Please repeat, exactly as written, every line from the one containing "HW-Q810:n ja saman" through the last line of the records, both included, and leave out any pictures.

———

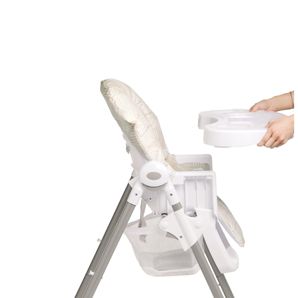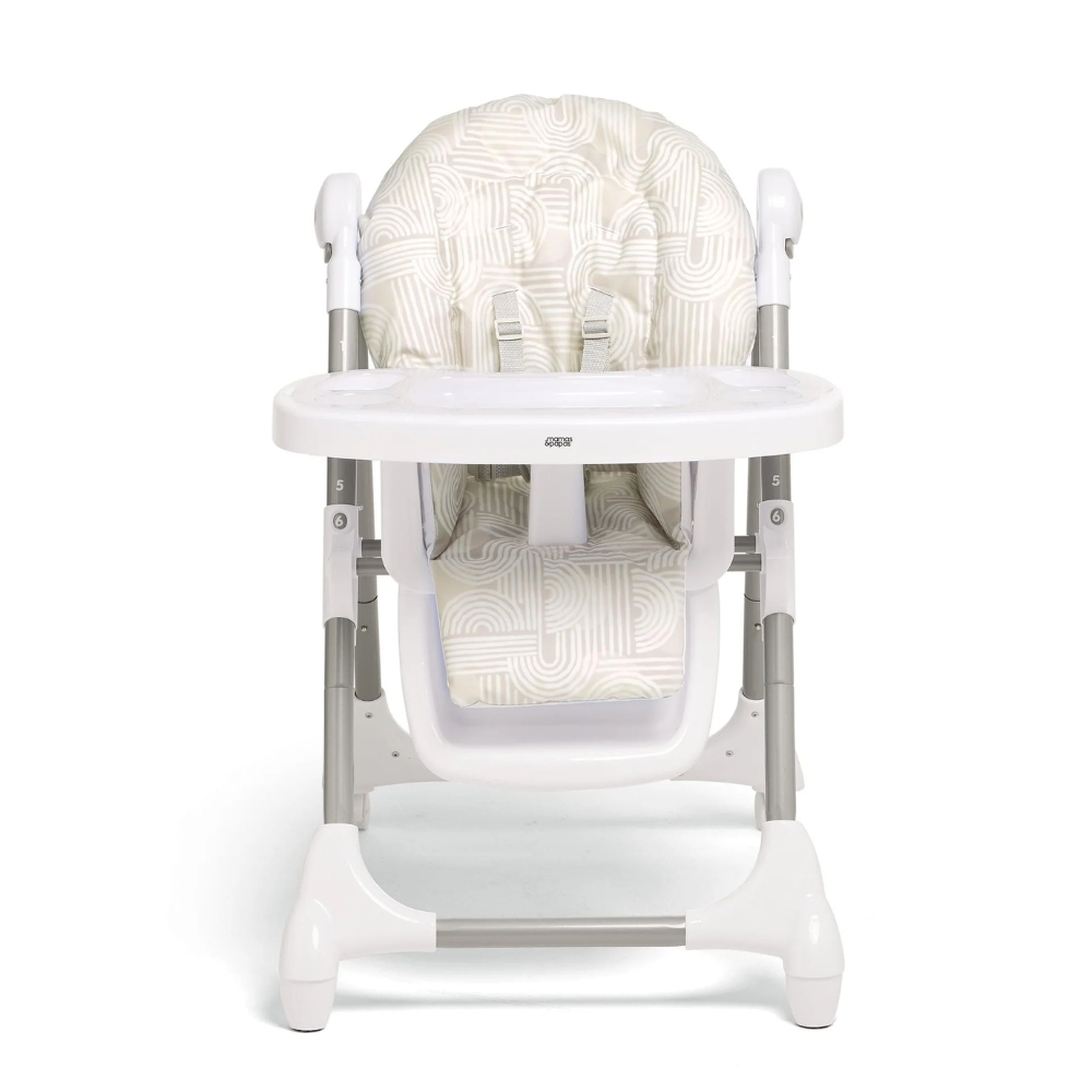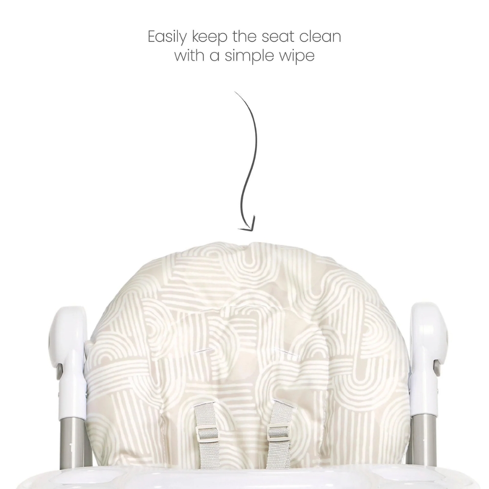 Our wipe-clean Snax highchair has 6 adjustable height settings and a removable tray, meaning your child can always join you at the table. With three recline adjustments it’s easy to adapt to your little one’s seating preference. The three adjustable tray settings mean you can adjust the space between your child and the tray as they grow, so they can easily reach their food. The 5-point harness prevents any slips and falls. In our Curious Alphabet print featuring hidden icons, including toadstools, bees and teacups, designed to inspire during mealtimes
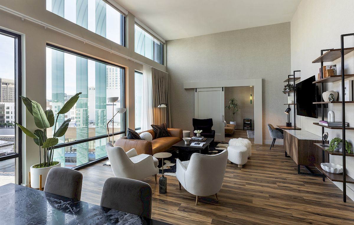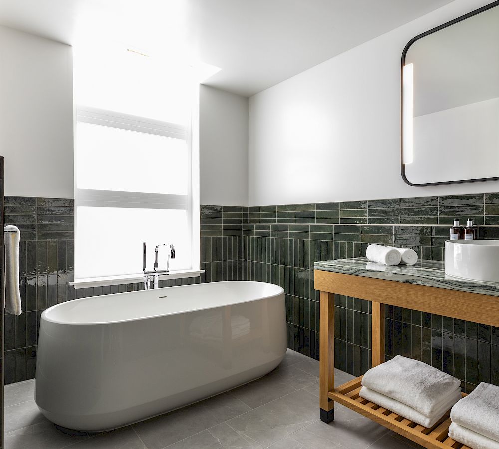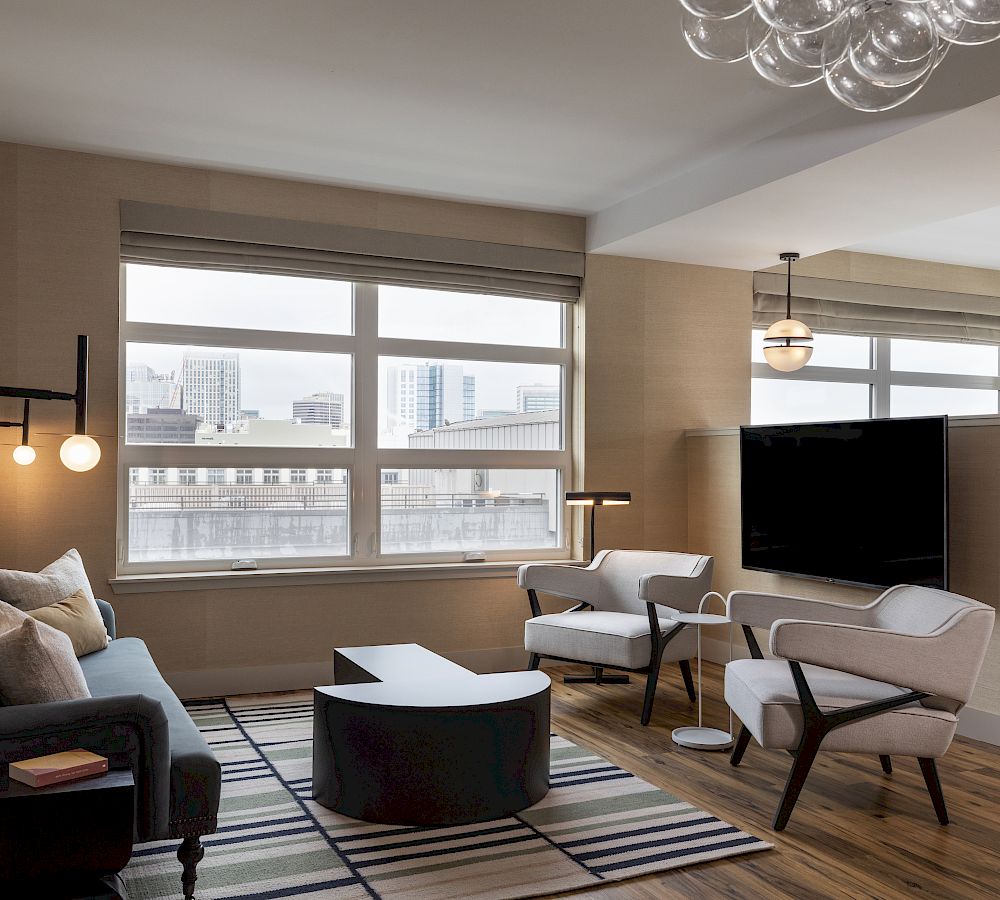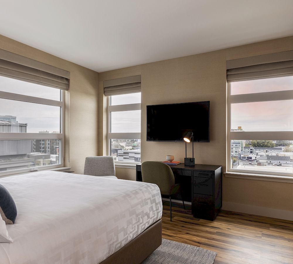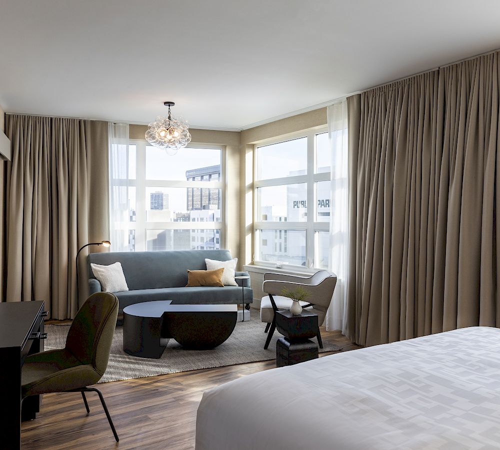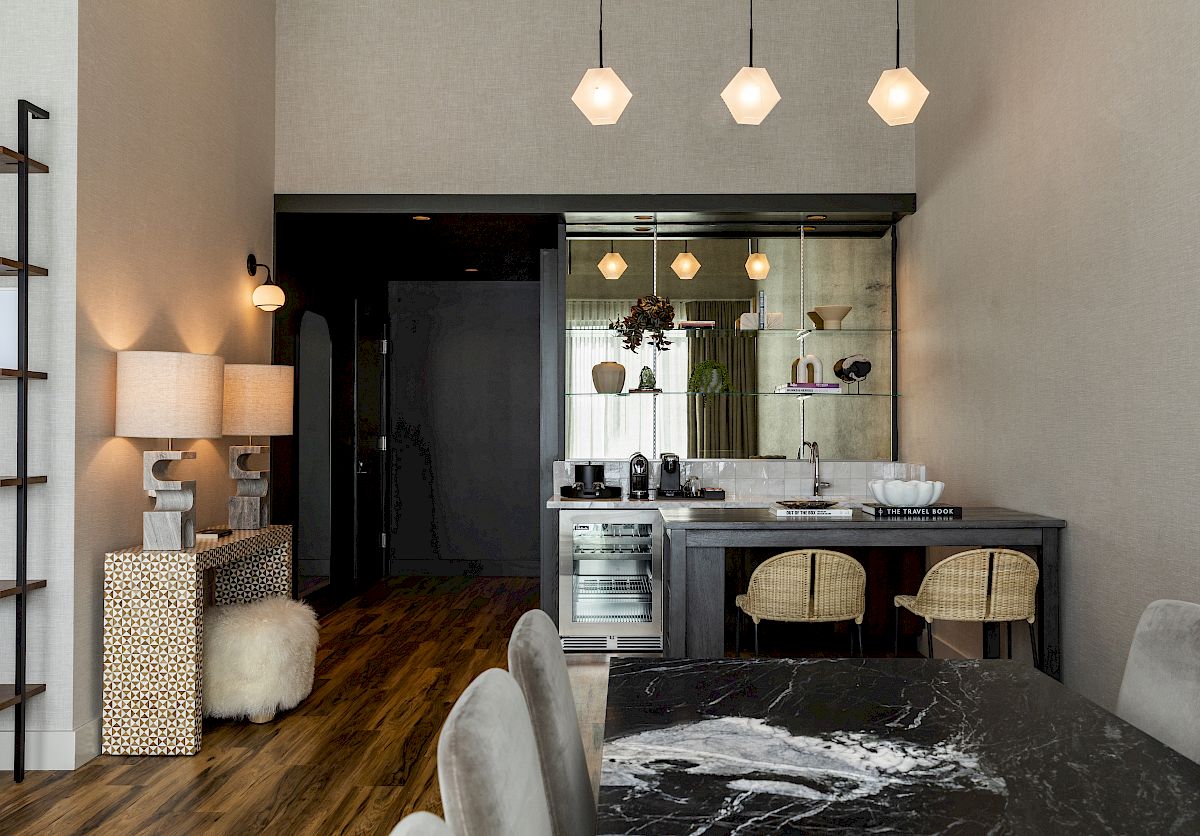 Upgrade your stay with one of our 10 premium suites, each well-appointed with chic décor and locally-sourced products. Premium vinyl plank wood flooring and woven designer area rugs gives the rooms a residential feel, while the luxurious bathrooms feature Cipollino marble-clad vanities, handcrafted ceramic wall tile, and Kohler fixtures.
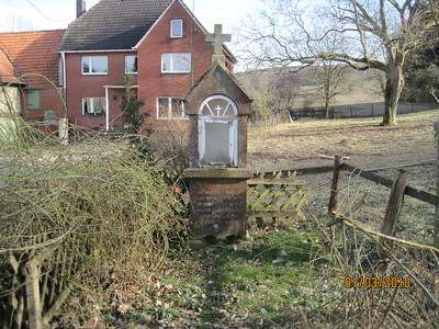 Nun werden Sie erstaunt sein, 2 Fotos. Sie haben recht, der Bildstock wurde im Rahmen der Restaurierung von der einen Straßenseite zur anderen Straßenseite versetzt. Sie stehen vor einem Bildstock der kleineren Bauart. Mit seiner spitzgiebeligen Ausbildung als Dach und aufgesetztem kleinen Kreuz misst der Bildstock etwa 2 m Höhe. Der eingelassene Tabernakel ist mit einem kleinen Fenster gegen die Witterung geschützt. Im Rahmen der Restaurierungsarbeiten wurde das alte morsche Eichen-Holzfenster gegen ein neues Fenster aus Stahl ausgetauscht.
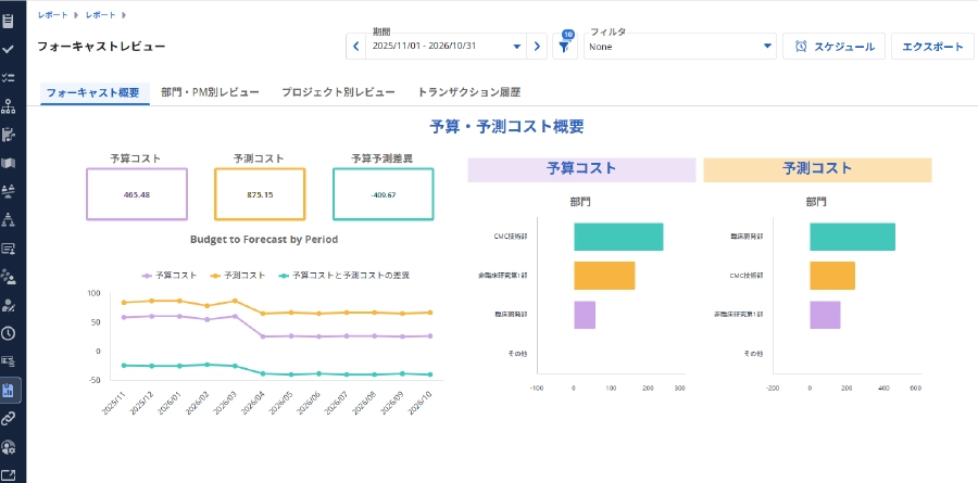 Reporting WorkspaceではClarityの一貫したUI上でレポートの作成、表示が可能
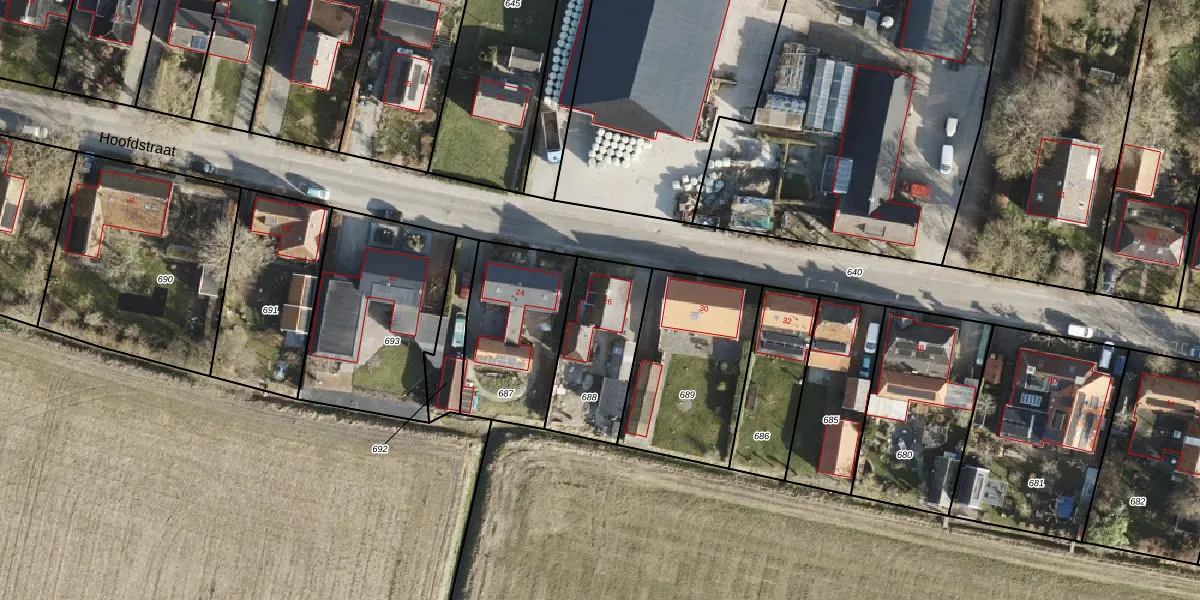 Het perceel waarop Hoofdstraat 26 staat heeft een oppervlakte van 371 m². Dit is een groot perceel. De perceeloppervlakte wordt geregistreerd door het Kadaster. Gedetailleerde informatie over de maten van dit perceel kunt u vinden in het rapport Kadastrale kaart met maatvoering van Hoofdstraat 26.
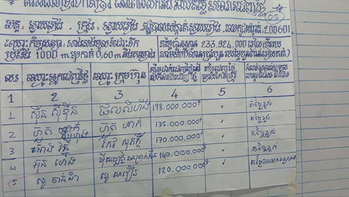 ទី២,សង្កាត់ព្រៃឆ្លាក់ គម្រោងកែលម្អ ផ្លូវក្រាលបេតុងអាមេ ប្រវែង៤៥០ម៉ែត្រ ទទឹង៥ម៉ែត្រ កម្រាស់០,១៥ម៉ែត្រ និងធ្វើស្លាកគម្រោង១។តម្លៃប៉ាន់ស្មាន២២៧,៦៨៧,៥០០រៀល មានក្រុមហ៊ុនចូលដាក់ដេញថ្លៃចំនួន០៦ក្រុមហ៊ុន លទ្ធផល បានទៅលើក្រុមហ៊ុន សូ សាវឿន អ្នកដេញថ្លៃ ឈ្មោះសូ សាវឿន ដាក់ ១៥៣,០០០,០០០រៀល
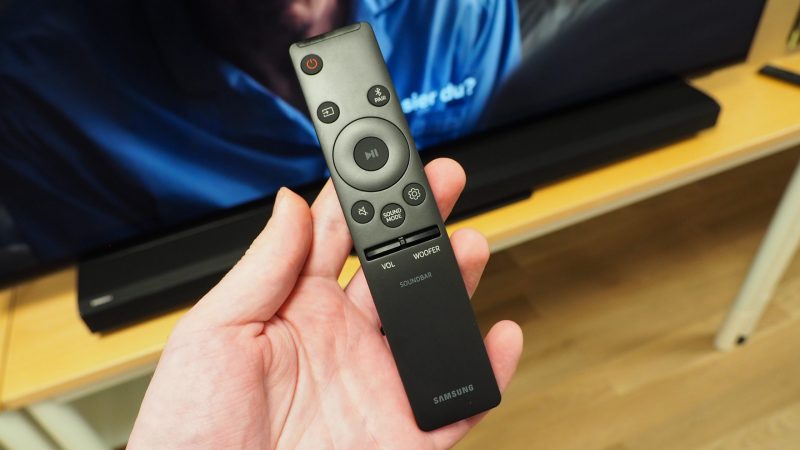 HW-Q810:n ja saman valmistajan television yhdistämisessä on pari erikoisetua. Uudemman Samsungin tv:n kanssa voi synkronoida kaukosäätimen niin, että television kaukosäädin käskee myös soundbaria. Soundbarilla on toki oma kaukosäätimensä sekä pieni näyttö, joka kertoo valitut äänilähteet ja asetukset.
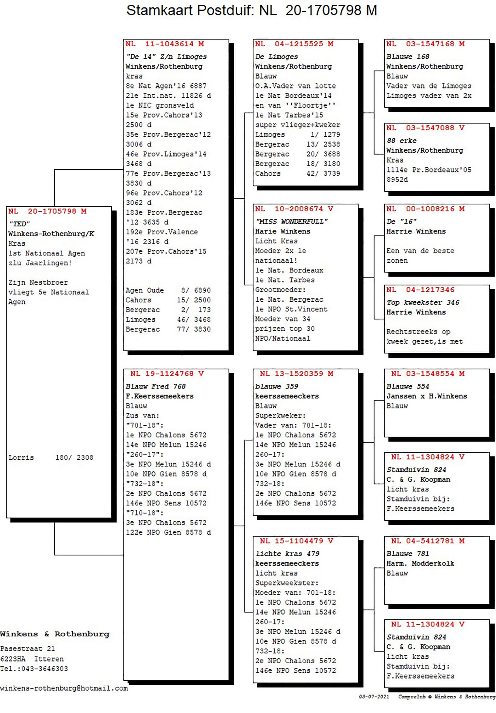 * He obtained eggs from the best yearlings in 1999 and 2000 from father Harry and son Roger Wijnands at the Ringenhoeve in Maastricht. Later it turned out that his base cocks were "Vale 208" and "Blauwe 203" (grandsons of Blauwe Vanoppen). Many top level pigeons have emerged from it, such as the famous "De Limoges 525" (1st Prov. Limoges) etc.
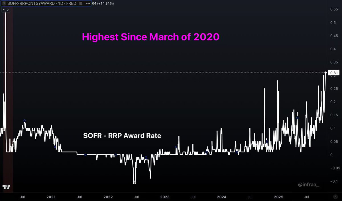 This is the same movie from 2019, when repo rates suddenly exploded from 2% to 10% overnight because reserves got too low. The Fed had to rush in with emergency cash injections just to keep the system from locking up. Powell swore it wouldn’t happen again and now here we are, déjà vu with better branding.
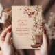 Featuring a crest design reminiscent of traditional Western emblems, adorned with vibrant bohemian floral patterns, this invitation exudes rustic elegance and whimsical charm. The fusion of rustic elements with bohemian motifs creates a captivating invitation that sets the tone for a laid-back yet stylish celebration.
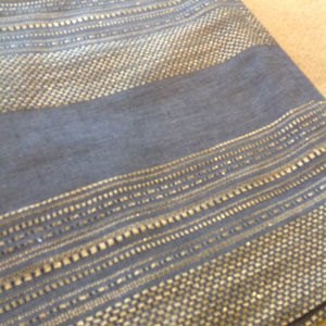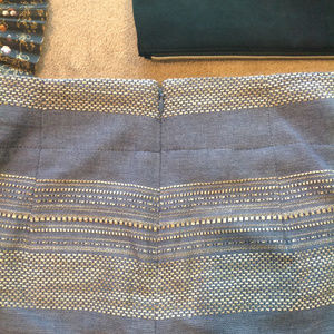 White and gold stitching with metallic silver thread that glints when you move; light denim/cornflower blue (length 21”). Lovely skirt, never worn. Pair it with a button down for work or with a t-shirt for a night out!
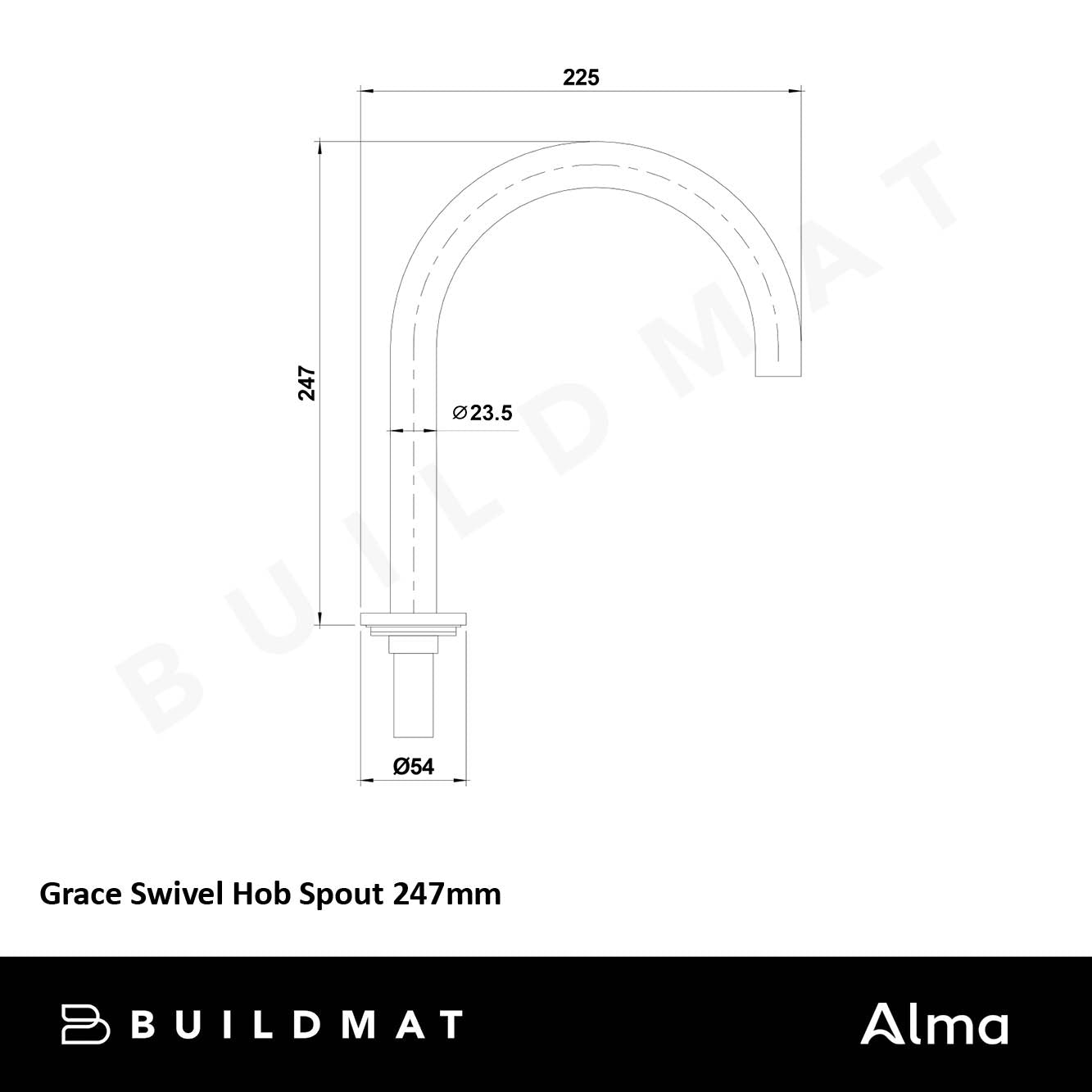Grace Swivel Hob Spout 247mm Matte Black

———

--- THE ANSWER ---
 HW-Q810:n ja saman valmistajan television yhdistämisessä on pari erikoisetua. Uudemman Samsungin tv:n kanssa voi synkronoida kaukosäätimen niin, että television kaukosäädin käskee myös soundbaria. Soundbarilla on toki oma kaukosäätimensä sekä pieni näyttö, joka kertoo valitut äänilähteet ja asetukset.
 * He obtained eggs from the best yearlings in 1999 and 2000 from father Harry and son Roger Wijnands at the Ringenhoeve in Maastricht. Later it turned out that his base cocks were "Vale 208" and "Blauwe 203" (grandsons of Blauwe Vanoppen). Many top level pigeons have emerged from it, such as the famous "De Limoges 525" (1st Prov. Limoges) etc.
 This is the same movie from 2019, when repo rates suddenly exploded from 2% to 10% overnight because reserves got too low. The Fed had to rush in with emergency cash injections just to keep the system from locking up. Powell swore it wouldn’t happen again and now here we are, déjà vu with better branding.
 Featuring a crest design reminiscent of traditional Western emblems, adorned with vibrant bohemian floral patterns, this invitation exudes rustic elegance and whimsical charm. The fusion of rustic elements with bohemian motifs creates a captivating invitation that sets the tone for a laid-back yet stylish celebration.
 White and gold stitching with metallic silver thread that glints when you move; light denim/cornflower blue (length 21”). Lovely skirt, never worn. Pair it with a button down for work or with a t-shirt for a night out!
Grace Swivel Hob Spout 247mm Matte Black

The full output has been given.